EXERCISE DETAILS:
Restate the entries word for word and skip every image.

Items listed in a dataset:
+---+
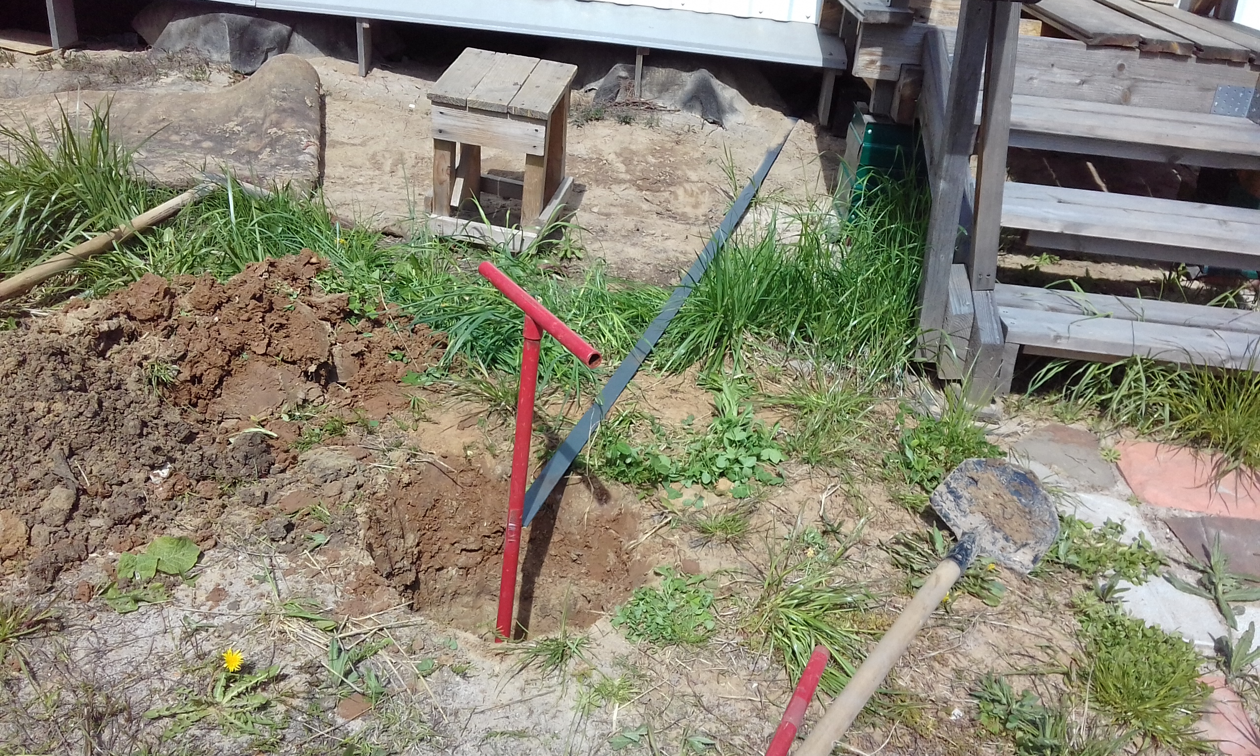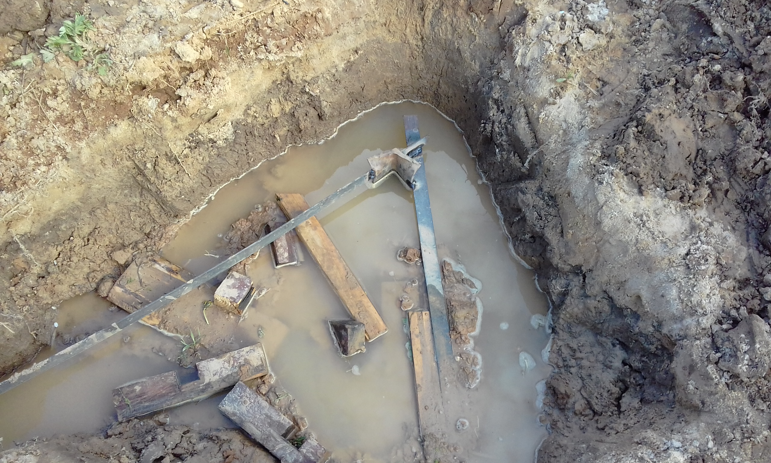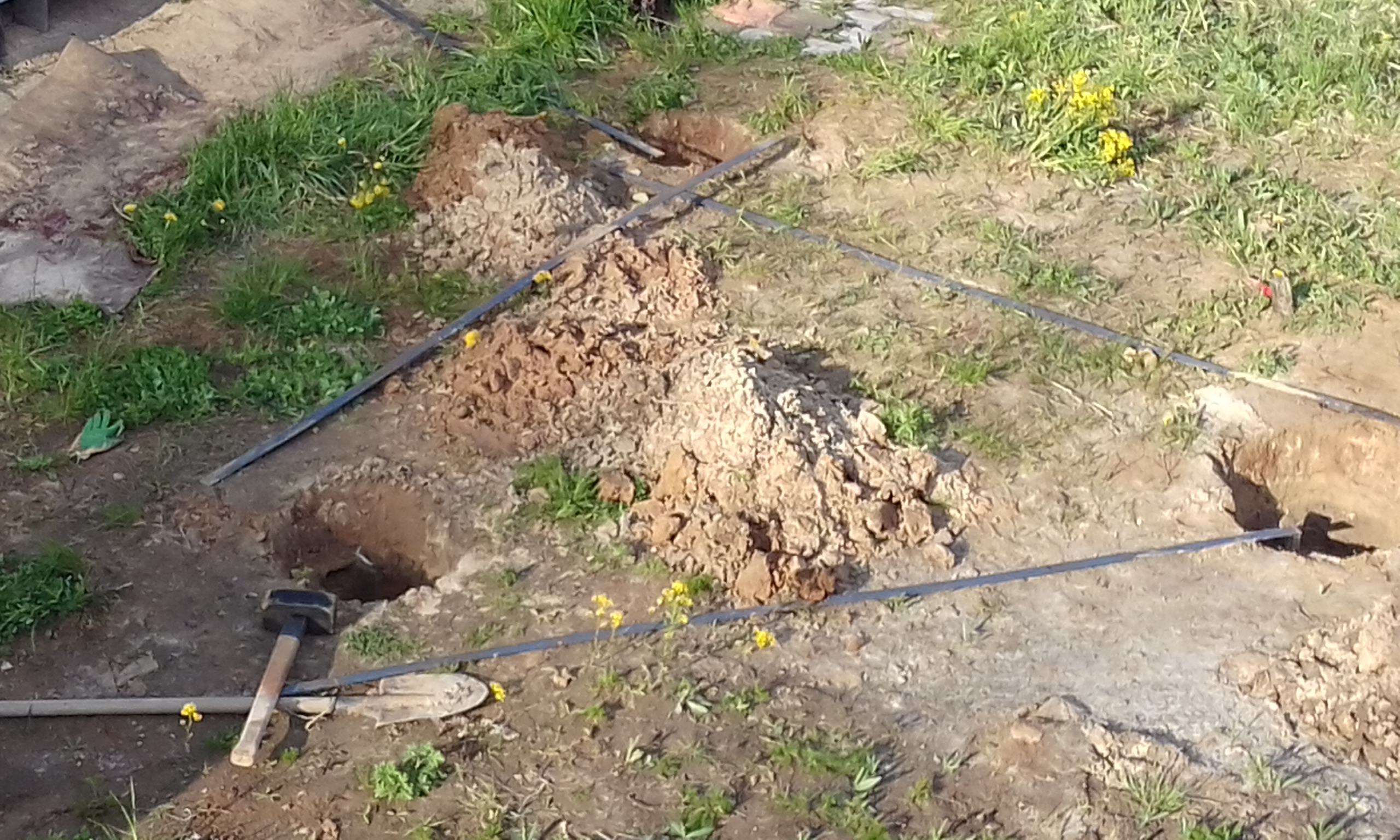 При бурении лидерной шахты верховодка появилась на глубине 80 см. Летом она уйдёт. Сейчас в колодце вода стоит на 30 см ниже поверхности земли, а летом будет на отметке - 5 м. Забил насколько получилось второй электрод. Контур треугольника заземления.
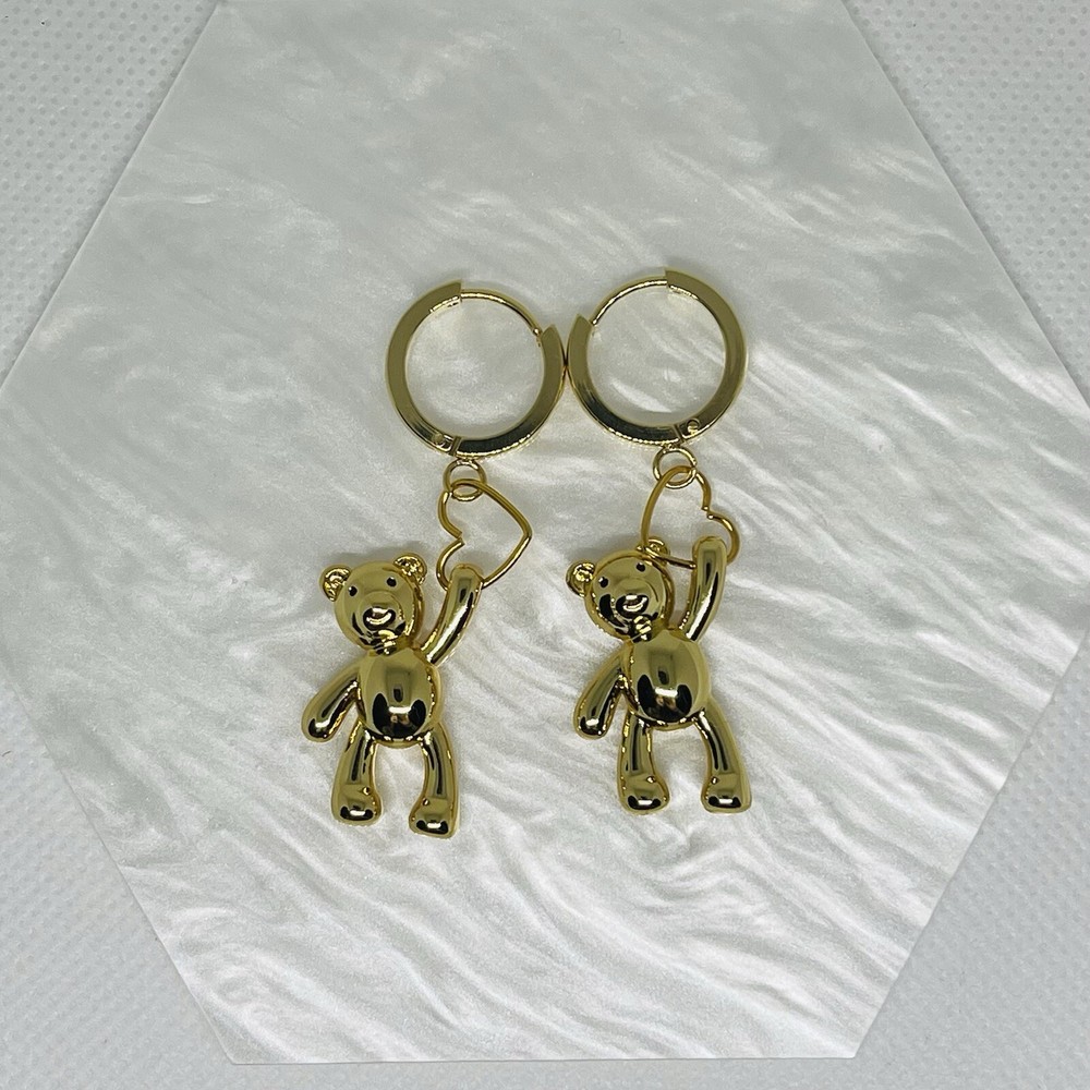 These 18k Gold plated hoop earrings with a dangling teddy bear heart charm are a playful and charming accessory. The earrings feature a classic, polished gold hoop design, which serves as a subtle and elegant base. Hanging from each hoop is a small, adorable teddy bear charm, crafted with attention to detail. The teddy bear holds a heart, adding a sweet and whimsical touch. The combination of the warm gold and the playful charm gives the earrings a youthful, yet refined look, making them a fun and unique piece of jewelry suitable for both casual and dressy occasions. #GoldHoopEarrings #TeddyBearCharm #HeartCharm #CuteEarrings #PlayfulJewelry #SweetStyle #WhimsicalAccessories #GoldJewelry #AdorableEarrings #FashionDetails #CharmJewelry
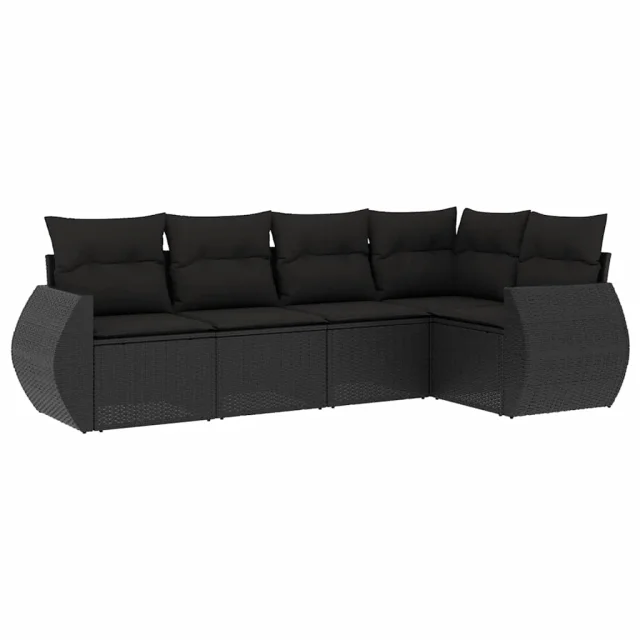 vidaXL Vrtna sedežna garnitura 5-delna z blazinami črn poli ratan
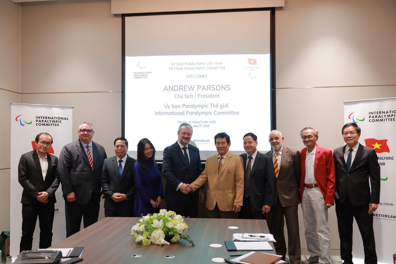 Chủ tịch Ủy ban Paralympic Quốc tế Andrew Parsons ghé thăm và làm việc tại Việt Nam tháng 5/2025. Ảnh: Minh Thư
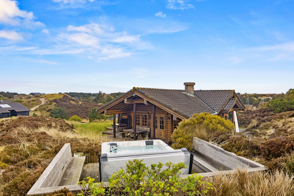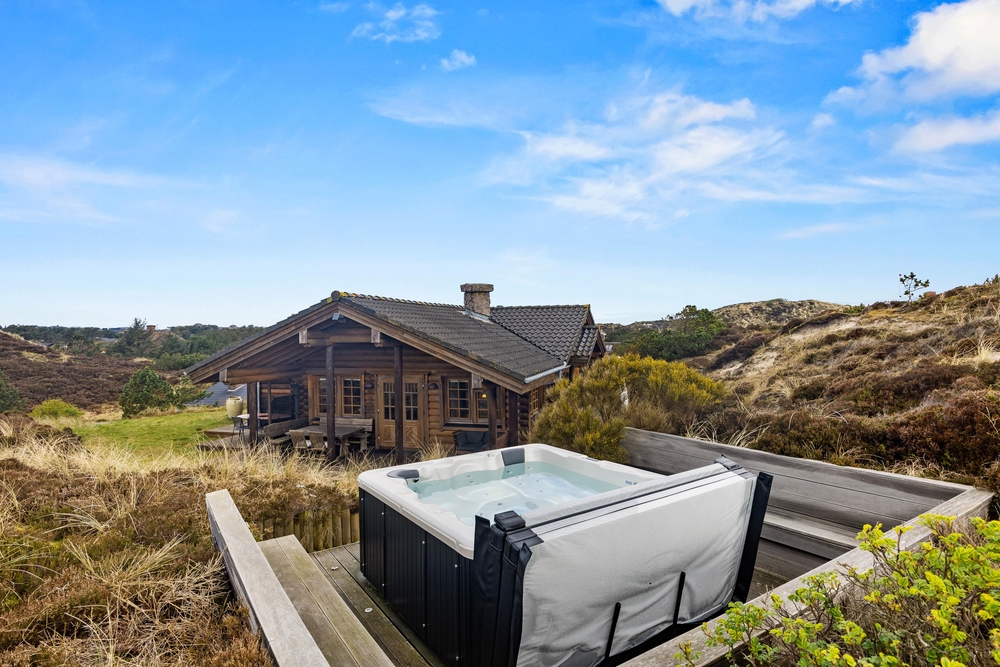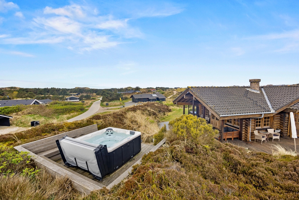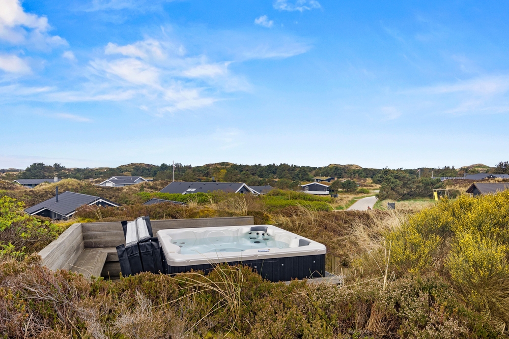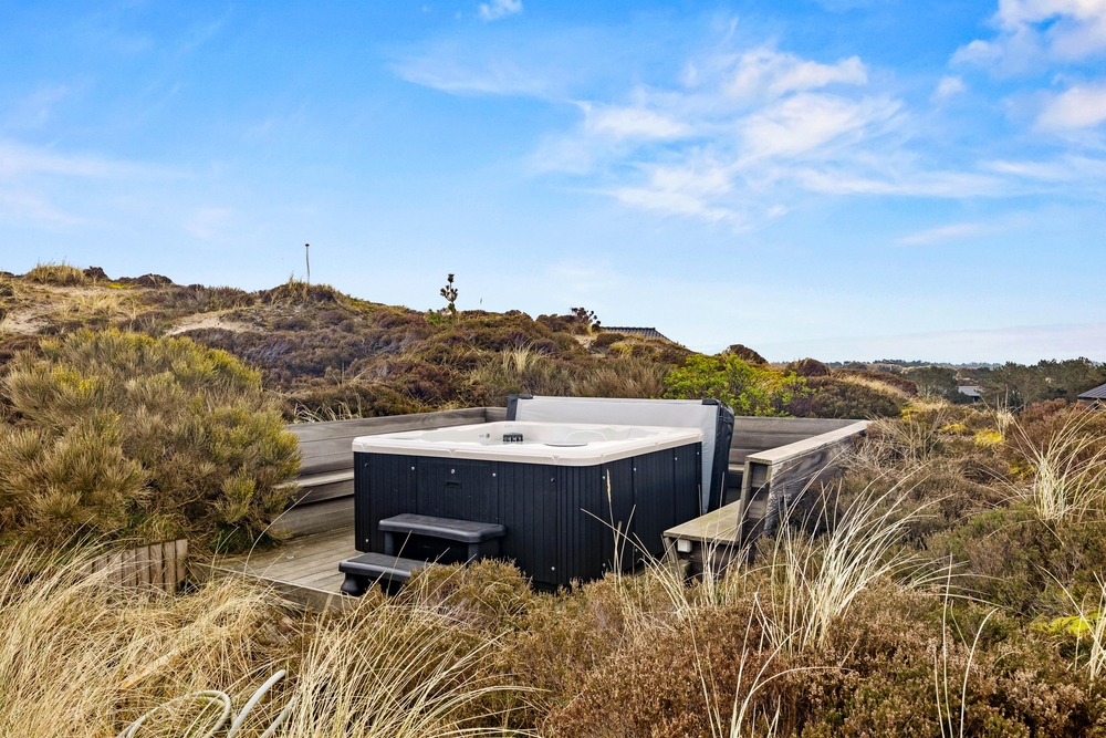 Følg trappen op til udebruseren* og udespaen. Her kan I komme helt ned i gear, mærke de varmer bobler mod huden og se udover klitterne. Nyd roen og afbrækket fra hverdagen netop her, mens solen maler himlen i de smukkeste farver. Udebruseren kan benyttes fra april til november.
+---+
SOLUTION TO THIS EXERCISE:
 При бурении лидерной шахты верховодка появилась на глубине 80 см. Летом она уйдёт. Сейчас в колодце вода стоит на 30 см ниже поверхности земли, а летом будет на отметке - 5 м. Забил насколько получилось второй электрод. Контур треугольника заземления.
 These 18k Gold plated hoop earrings with a dangling teddy bear heart charm are a playful and charming accessory. The earrings feature a classic, polished gold hoop design, which serves as a subtle and elegant base. Hanging from each hoop is a small, adorable teddy bear charm, crafted with attention to detail. The teddy bear holds a heart, adding a sweet and whimsical touch. The combination of the warm gold and the playful charm gives the earrings a youthful, yet refined look, making them a fun and unique piece of jewelry suitable for both casual and dressy occasions. #GoldHoopEarrings #TeddyBearCharm #HeartCharm #CuteEarrings #PlayfulJewelry #SweetStyle #WhimsicalAccessories #GoldJewelry #AdorableEarrings #FashionDetails #CharmJewelry
 vidaXL Vrtna sedežna garnitura 5-delna z blazinami črn poli ratan
 Chủ tịch Ủy ban Paralympic Quốc tế Andrew Parsons ghé thăm và làm việc tại Việt Nam tháng 5/2025. Ảnh: Minh Thư
 Følg trappen op til udebruseren* og udespaen. Her kan I komme helt ned i gear, mærke de varmer bobler mod huden og se udover klitterne. Nyd roen og afbrækket fra hverdagen netop her, mens solen maler himlen i de smukkeste farver. Udebruseren kan benyttes fra april til november.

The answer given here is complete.